Plaintiff now moves for summary judgment as to liability asserting there are no genuine issues of material fact that Defendant violated the FDCPA by failing to disclose that Plaintiff's debt was disputed when it conveyed her credit information to Experian. (Dkt. 29.) Defendant also moves for summary judgment arguing “Plaintiff failed to communicate any actual dispute or intention to dispute the subject debt” and that “Defendant had no obligation to re-report the subject debt as disputed after it had been reported before Plaintiff's purported dispute.” (Dkt. 28.) Additionally, Defendant claims that it is entitled to judgment in its favor because “any violation of the FDCPA resulted from bona fide error.” (Id.) Defendant also argues this matter should be dismissed for lack of standing under Article III because Plaintiff seeks only statutory damages. (Id.) Before the court are the parties' cross motions for summary judgment (Dkts. 28, 29), the parties' responses in opposition (Dkts. 30, 31), and Defendant's reply (Dkt. 32).
APPLICABLE STANDARDS
Granting summary judgment is appropriate if the “movant shows that there is no genuine dispute as to any material fact and the movant is entitled to judgment as a matter of law.” Fed.R.Civ.P. 56(a).
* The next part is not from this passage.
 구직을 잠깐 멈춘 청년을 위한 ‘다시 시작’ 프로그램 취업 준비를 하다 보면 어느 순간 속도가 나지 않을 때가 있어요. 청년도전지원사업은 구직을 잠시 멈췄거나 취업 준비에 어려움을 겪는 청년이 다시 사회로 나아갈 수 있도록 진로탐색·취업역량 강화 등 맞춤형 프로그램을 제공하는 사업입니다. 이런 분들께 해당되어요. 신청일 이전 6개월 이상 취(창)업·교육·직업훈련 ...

A factual dispute is considered “genuine” only if “a reasonable jury could return a verdict for the nonmoving party.” Anderson v. Liberty Lobby, Inc., 477 U.S. 242, 248 (1986). “A fact is material for the purposes of summary judgment only if it might affect the outcome of the suit under the governing law.” Kerr v. McDonald's Corp., 427 F.3d 947, 951 (11th Cir. 2005). “The moving party bears ‘the initial responsibility of informing the . . . court of the basis for its motion, and identifying those portions of the [record], which it believes demonstrate the absence of a genuine issue of material fact.'” Hickson Corp. v. N. Crossarm Co., 357 F.3d 1256, 1260 (11th Cir. 2004) (citing Celotex Corp. v. Catrett, 477 U.S. 317, 323 (1986)) (internal quotations omitted). If the movant shows that no evidence supports the nonmoving party's case, “[t]he burden then shifts to the non- moving party, who must go beyond the pleadings, and present affirmative evidence to show that a genuine issue of material fact exists.” Porter v. Ray, 461 F.3d 1315, 1320 (11th Cir. 2006) (citing Fitzpatrick v. City of Atlanta, 2 F.3d 1112, 1115-17 (11th Cir. 1993)).
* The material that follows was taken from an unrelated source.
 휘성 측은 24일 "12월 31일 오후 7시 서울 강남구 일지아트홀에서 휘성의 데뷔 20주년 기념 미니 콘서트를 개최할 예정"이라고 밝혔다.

In determining whether a genuine dispute of material fact exists, “courts should view the evidence and all factual inferences therefrom in the light most favorable to the party opposing the motion [and] [a]ll reasonable doubts about the facts should be resolved in favor of the non-movant.” Burton v. City of Belle Glade, 178 F.3d 1175, 1187 (11th Cir. 1999) (citing Clemons v. Dougherty Cnty., 684 F.2d 1365, 1368-69 (11th Cir. 1982)). “If the record presents disputed issues of fact, the court may not decide them; rather, [it] must deny the motion and proceed to trial.” Jones v. UPS Ground Freight, 683 F.3d 1283, 1292 (11th Cir. 2012). Summary judgment should only be granted “[w]here the record taken as a whole could not lead a rational trier of fact to find for the non-moving party.” Matsushita Elec. Indus. Co. v. Zenith Radio Corp., 475 U.S. 574, 587 (1986).
ANALYSIS
A. Defendant's Motion for Summary Judgment
1. Article III Standing
“[S]tanding is a necessary component of [a federal court's] jurisdiction to hear ‘cases' and ‘controversies' under Article III of the Constitution,” and must therefore be addressed first. Am. C.L. Union of Fla., Inc. v. Miami-Dade Cnty. Sch. Bd., 557 F.3d 1177, 1190 (11th Cir. 2009) (citing Ouachita Watch League v. Jacobs, 463 F.3d 1163, 1169 (11th Cir. 2006)). Indeed, a plaintiff's lack of standing implicates the court's subject matter jurisdiction to hear the case at all. Stalley ex rel. U.S. v. Orlando Reg'l Healthcare Sys., Inc., 524 F.3d 1229, 1232 (11th Cir. 2008) (citing Cone Corp. v. Fla. Dep't of Transp., 921 F.2d 1190, 1203 n. 42 (11th Cir. 1991)). To establish standing to maintain its claims, the plaintiff must have “(1) suffered an injury in fact, (2) that is fairly traceable to the challenged conduct of the defendant, and (3) that is likely to be redressed by a favorable judicial decision.” Spokeo, Inc. v. Robins, 578 U.S. 330, 338 (2016) (citing Warth v. Seldin, 422 U.S. 490, 498-99 (1975)). Plaintiff bears the burden to establish standing to pursue the claims under the FDCPA. Id.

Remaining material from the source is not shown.